Japan seeks arrest of anti-whaling leader

Tokyo - The Japanese Coast Guard has obtained an arrest warrant for a leader of an anti-whaling group for allegedly ordering his members to obstruct operations by Japan's whaling fleet, Japanese media reported Friday.

The Coast Guard is seeking the arrest of Paul Watson, founder and president of the US-based Sea Shepherd Conservation Society, on suspicion of assault and obstruction of business, the Kyodo News agency reported.

Japanese authorities are to put Watson on the international wanted list through Interpol, Kyodo reported, citing unnamed sources.

Watson, a Canadian, is suspected of ordering Peter Bethune, a New Zealand national, to throw a chemical onto a Japanese whaling ship in the Antarctic Sea in February and commit other acts of obstruction, Kyodo said.

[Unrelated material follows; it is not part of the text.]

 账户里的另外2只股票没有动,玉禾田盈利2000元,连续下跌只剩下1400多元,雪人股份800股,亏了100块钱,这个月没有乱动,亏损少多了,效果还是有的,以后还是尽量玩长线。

Bethune was the skipper of the Sea Shepherd's high-speed trimaran Ady Gil during the society's annual mission to disrupt the whaling season. The trimaran sank in January after colliding with the Shonan Maru Number 2, the Japanese whaling fleet's security ship.

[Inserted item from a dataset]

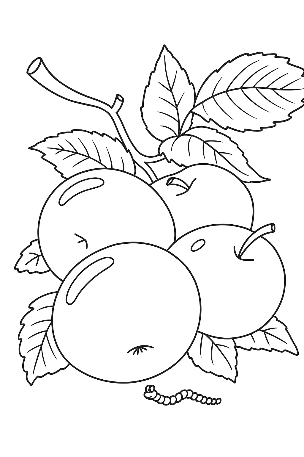 Малюнок розмальовка «Яблука на гілці» — пізнавальна розфарбовка для дітей 2-3 років, яка знайомить малюків з дарами природи. На малюнку зображені соковиті яблучка з листочками, що ростуть на гілочці, а поряд — маленький черв’ячок. Така проста і зрозуміла розфарбовка сприяє розвитку дрібної моторики, уважності та знань про фрукти. Малюнок розмальовка ідеально підходить для занять у дитячому садку чи вдома. Розфарбовку можна безкоштовно скачати та роздрукувати у форматі А4.

The New Zealander then allegedly boarded the ship to make a citizen's arrest of the Japanese skipper for the attempted murder of the Ady Gil's crew members.

He was detained on board the Japanese vessel in mid-February and was handed over to the Japanese Coast Guard when the ship docked in Tokyo in March.

Bethune was the only one directly engaged in the acts but the Coast Guard decided to arrest Watson because Bethune had reportedly told investigators that he had acted on Watson's orders, Kyodo reported.

Watson told Kyodo Friday on the phone that the arrest warrant did not worry him.

"It is clearly a politically motivated arrest warrant," Watson was quoted by Kyodo as saying. "... It's not an investigation into an infraction. Japan is doing everything they can to stop us going down to the Southern Ocean next year."

Japanese prosecutors indicted Bethune earlier this month on five criminal counts in connection with obstructing Japanese whaling.

A worldwide ban on whaling was enacted in 1986, but Japan uses a loophole in that agreement to continue whaling under the premise of doing it for scientific research.

Its critics, however, have accused it of conducting its annual hunt for commercial purposes, and Sea Shepherd harasses its whaling fleet each year to try to disrupt its catch.